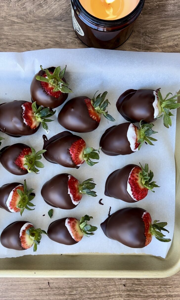- Return strawberries to parchment paper and chill until chocolate sets.
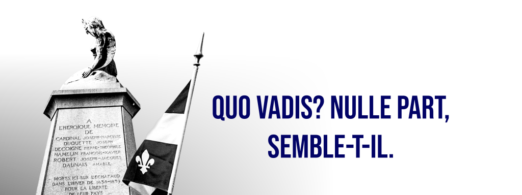 Le peuple du Québec aura traversé, depuis la Conquête, des phases successives d’insoumission, allant de la rébellion à la survivance en passant par l’autonomisme et l’émancipation. Nous nous inscrivons dans la longue lignée de ceux qui ont sans concession soudé leur engagement à la question nationale dans une optique de libération. Mais l’époque étant ce qu’elle est, nous ne pouvons pas simplement reprendre les combats d’hier en faisant comme si nous étions encore et toujours dans une situation identique. Car si les dynamiques agissent sur les mêmes ressorts, il n’en reste pas moins que le temps passé depuis les dernières luttes sérieuses en matière identitaire a dangereusement usé notre cohésion. Nous sommes dorénavant en posture affaiblie. La langue est en déclin accéléré alors que notre métropole nous échappe, l’américanisation des consciences prend une ampleur désastreuse, l’immigration massive change drastiquement le paysage démographique, le consumérisme et l’individualisme atomisent la société et, pendant ce temps, la centralisation ottavienne en profite pour aiguiser ses dents.
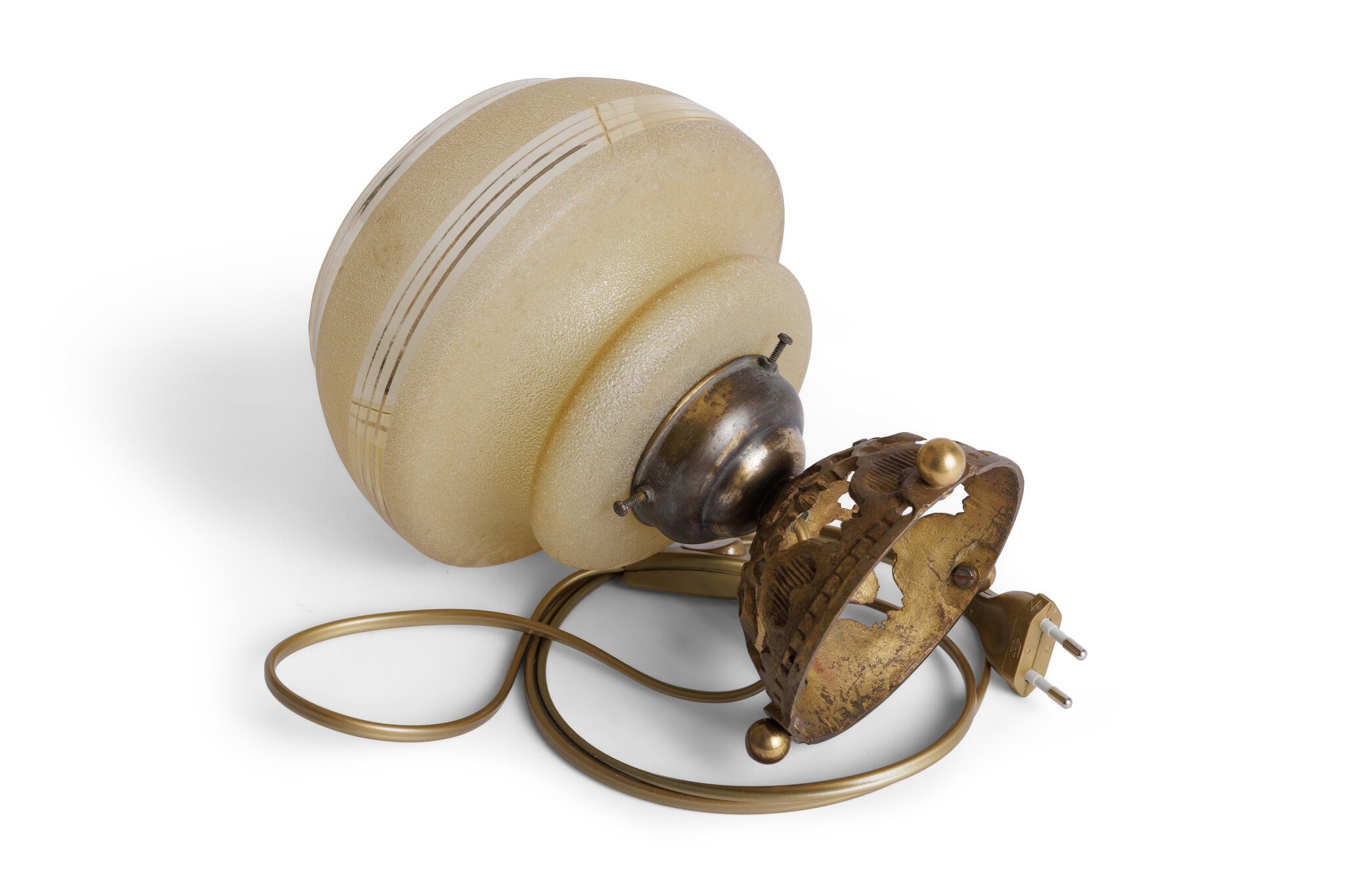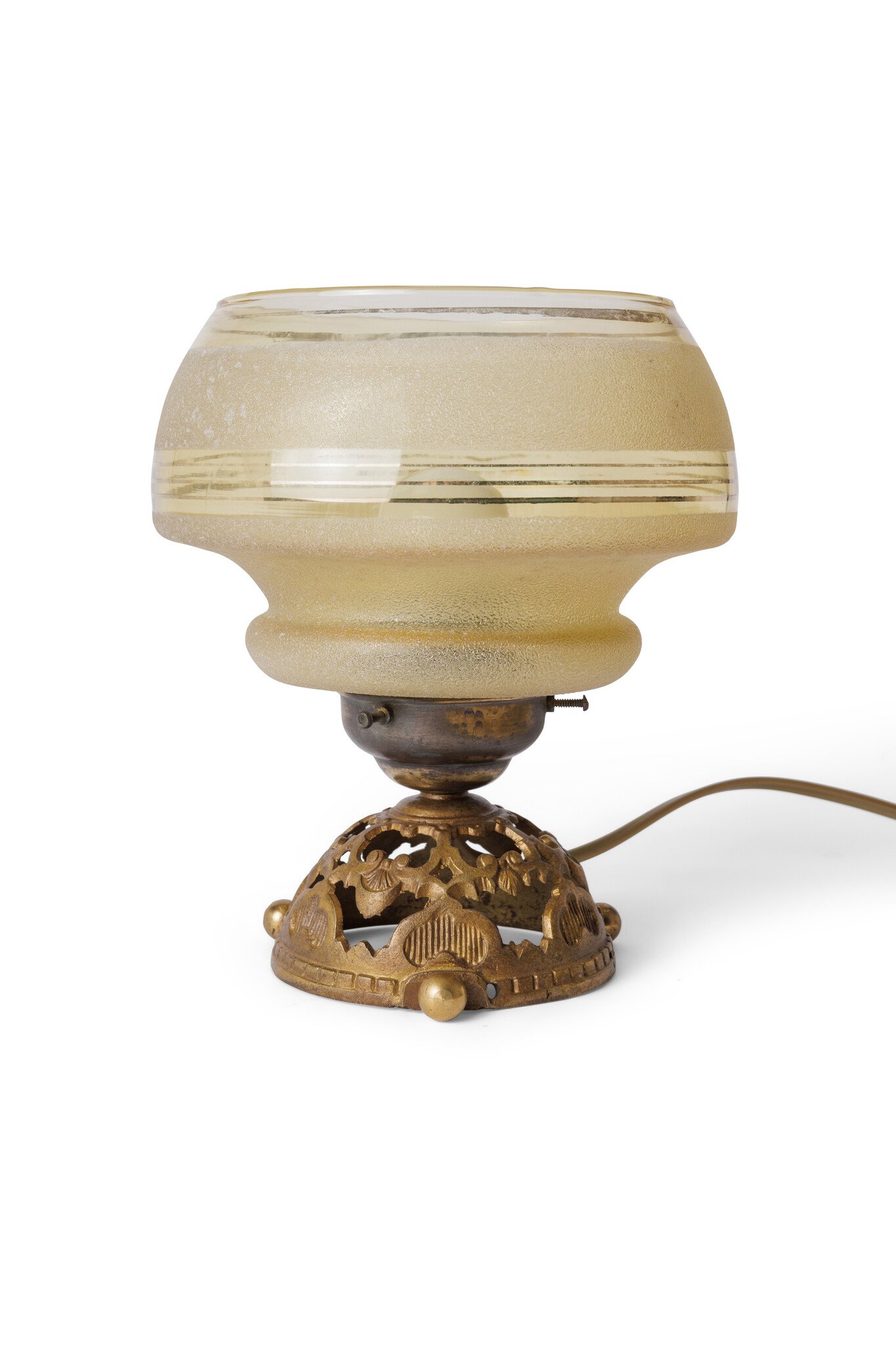 Het heeft een sierlijk voetje van bruin koper met bewerkte details.
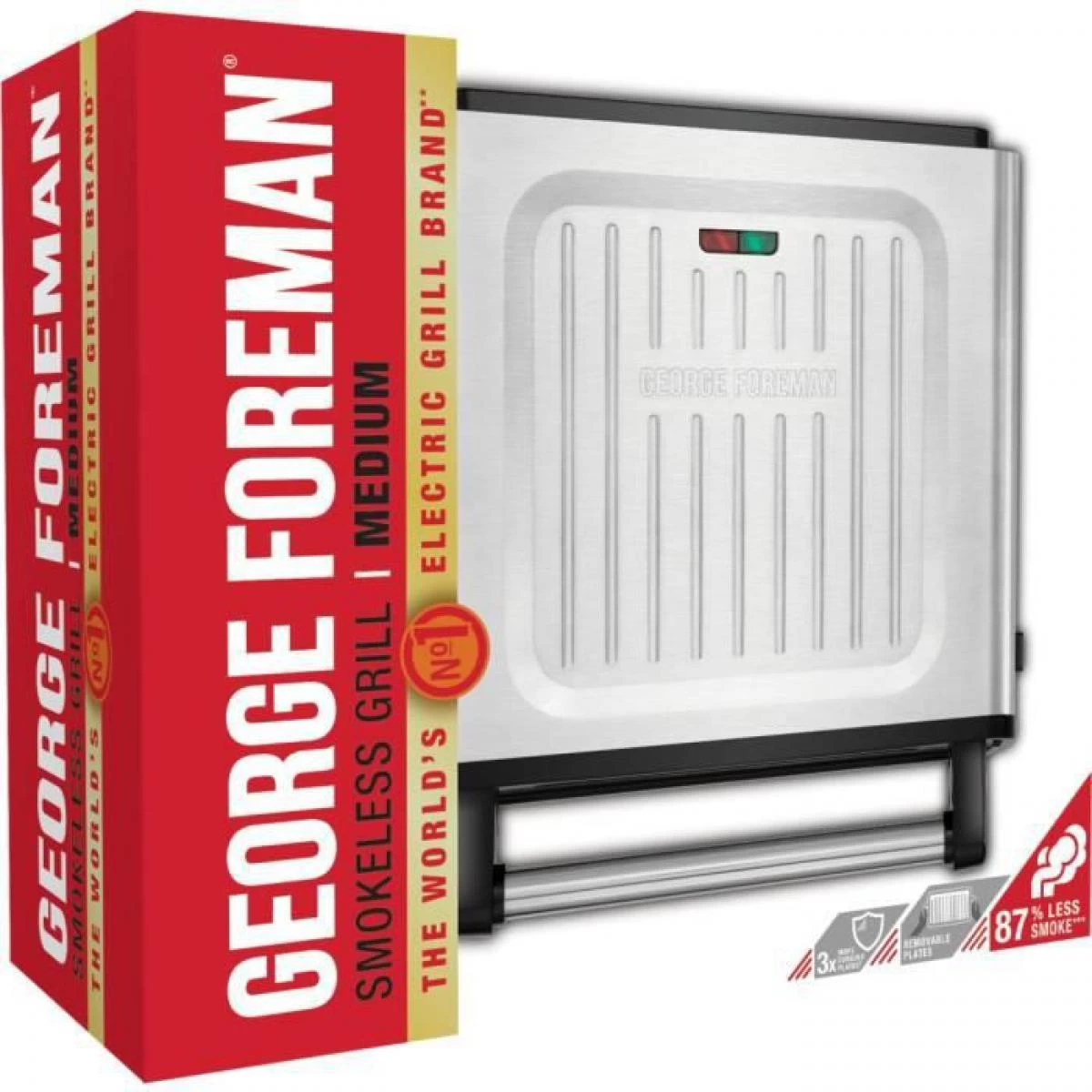 Points forts George Foreman George Foreman 28000-56 – Grill Sans Fumée – 1500W – Boîtier en Acier Inoxydable – Revetement Antiadhésif
****************************************
What is required
Leave the images aside and retype each line of the listing above exactly.

Response to this exercise
- Return strawberries to parchment paper and chill until chocolate sets.
 Le peuple du Québec aura traversé, depuis la Conquête, des phases successives d’insoumission, allant de la rébellion à la survivance en passant par l’autonomisme et l’émancipation. Nous nous inscrivons dans la longue lignée de ceux qui ont sans concession soudé leur engagement à la question nationale dans une optique de libération. Mais l’époque étant ce qu’elle est, nous ne pouvons pas simplement reprendre les combats d’hier en faisant comme si nous étions encore et toujours dans une situation identique. Car si les dynamiques agissent sur les mêmes ressorts, il n’en reste pas moins que le temps passé depuis les dernières luttes sérieuses en matière identitaire a dangereusement usé notre cohésion. Nous sommes dorénavant en posture affaiblie. La langue est en déclin accéléré alors que notre métropole nous échappe, l’américanisation des consciences prend une ampleur désastreuse, l’immigration massive change drastiquement le paysage démographique, le consumérisme et l’individualisme atomisent la société et, pendant ce temps, la centralisation ottavienne en profite pour aiguiser ses dents.
 Het heeft een sierlijk voetje van bruin koper met bewerkte details.
 Points forts George Foreman George Foreman 28000-56 – Grill Sans Fumée – 1500W – Boîtier en Acier Inoxydable – Revetement Antiadhésif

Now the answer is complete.